▸ **Task statement**: Beginning at the line that contains "Course one: quail", transcribe every line up to the last one in the material below. Include no other lines.

▸ **Data excerpt**:
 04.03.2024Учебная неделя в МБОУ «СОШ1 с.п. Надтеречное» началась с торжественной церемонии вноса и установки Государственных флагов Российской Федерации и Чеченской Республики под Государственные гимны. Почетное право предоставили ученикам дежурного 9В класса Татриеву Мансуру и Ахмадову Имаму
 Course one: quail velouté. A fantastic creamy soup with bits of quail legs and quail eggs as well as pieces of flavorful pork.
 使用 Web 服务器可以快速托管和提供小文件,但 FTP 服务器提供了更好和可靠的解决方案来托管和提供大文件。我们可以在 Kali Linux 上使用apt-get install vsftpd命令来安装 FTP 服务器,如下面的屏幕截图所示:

▸ **Solved problem**:
 Course one: quail velouté. A fantastic creamy soup with bits of quail legs and quail eggs as well as pieces of flavorful pork.
 使用 Web 服务器可以快速托管和提供小文件,但 FTP 服务器提供了更好和可靠的解决方案来托管和提供大文件。我们可以在 Kali Linux 上使用apt-get install vsftpd命令来安装 FTP 服务器,如下面的屏幕截图所示:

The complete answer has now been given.